The patent application also tells us that it might look at the labels used for the documents that appear in search results, and determine which ones appear the most frequently to determine an overall classification based upon those labels.
What other information might be used to determine a classification for a set of search results?
We are also told that the search engine might give extra weight to classifications from the URLs and snippets and titles and labels that show up in higher ranked search results.
Deciding upon Page Elements to Use
Information about classifications from different parts (URLs, titles, snippets, labels, histograms of labels) of search results would be used to decide upon what might be the most likely classification to choose information to display above search results.
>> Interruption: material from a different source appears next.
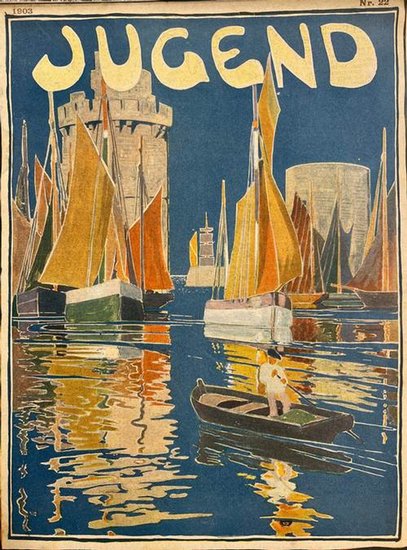 JUGEND 1903. Münchner Illustrierte Wochenschrift für Kunst und Leben. 8.Jg. 1903, 52 Nummern in Original- Heften, kompletter Jahrgang. München: Hirth. 1903. Mit zahlreichen, teils ganz- oder doppelseitigen, sowie farbigen Illustrationen. 30 x 23 cm. Dietzel-Hügel 1516; Schlawe 51.- Farbig illustrierte Titelblätter u.a. von: Julius Diez, Giovanni Segantini, Fr. v. Lenbach, F.A. v. Kaulbach, Adolf Münzer, Eugen Spiro, Max Feldbauer. - Bis auf leichte Randbräune sehr gut erhaltene Hefte.

We’re told that this information would be used to determine an overall classification, and would be used to decide upon information (a page element) that Google might show at the top of search results.
But, we aren’t shown much about the actual method that the search engine would use to decide upon a specific classification based upon those results classifications, or how it would use that classification to determine what information to show at the top of search results. It’s possible that may be the topic of another patent application that hasn’t been published yet.
Would you find it useful if Google started showing some information at the top of search results from one of the pages of the results, based upon a classification that the search engine determined to be the most relevant to the results that showed up for a query?
Would showing that information be helpful to searchers? Would it be helpful or harmful to site owners whose pages might show up in those search results?